Question

When the starter motor on a car is engaged, there is a 290 A current in the wires between the battery and the motor. Suppose the wires are made of copper and have a total length of 1.5 m.What minimum diameter can the wires have if the voltage drop along the wires is to be less than 0.55 V?

Answer 1

Answer:

$33.6\times10^{-4}}\text{ m}$ = 3.36 mm

Explanation:

From Ohm's law,

$V = IR$ (Voltage = Current * Resistance)

$R = \dfrac{V}{I}$

The geometric definition of resistance is

$R = \rho\dfrac{l}{A}$

where $\rho$ is the resistivity of the material, $l$  and $A$ are the length and cross-sectional area, respectively.

$A = \rho\dfrac{l}{R}$

$A = \rho\dfrac{l\timesI}{V}$

Since the wire is assumed to have a circular cross-section, its area is given by

$A = \pi\dfrac{d^2}{4}$ where $d$ is the diameter.

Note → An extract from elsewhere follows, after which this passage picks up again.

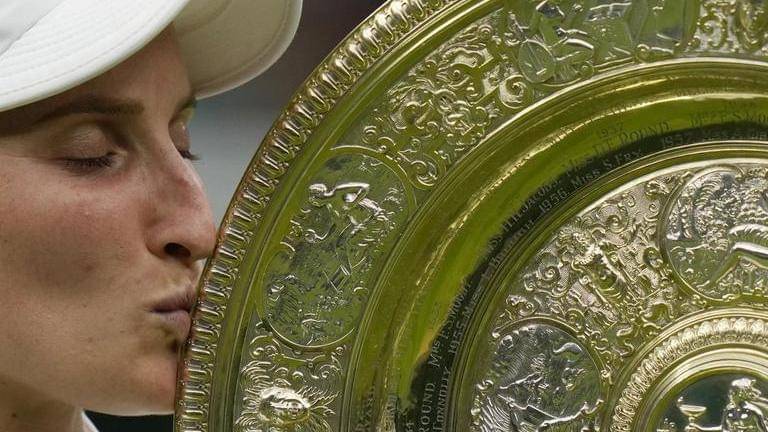Marketa Vondrousova kissing the Wimbledon Championship trophy; Image: AP | Image: self

$\pi\dfrac{d^2}{4} = \rho\dfrac{l\timesI}{V}$

$d = \sqrt{\dfrac{4\rho l I}{\pi\times V}}$

Resistivity of copper = $1.68\times10^{-8}$. With these and other given values,

$d = \sqrt{\dfrac{4\times1.68\times10^{-8}\times1.5\times290}{3.14\times 0.55}}$

$d = \sqrt{1128.43\times10^{-8}}$

$d = 33.6\times10^{-4} \text{ m}$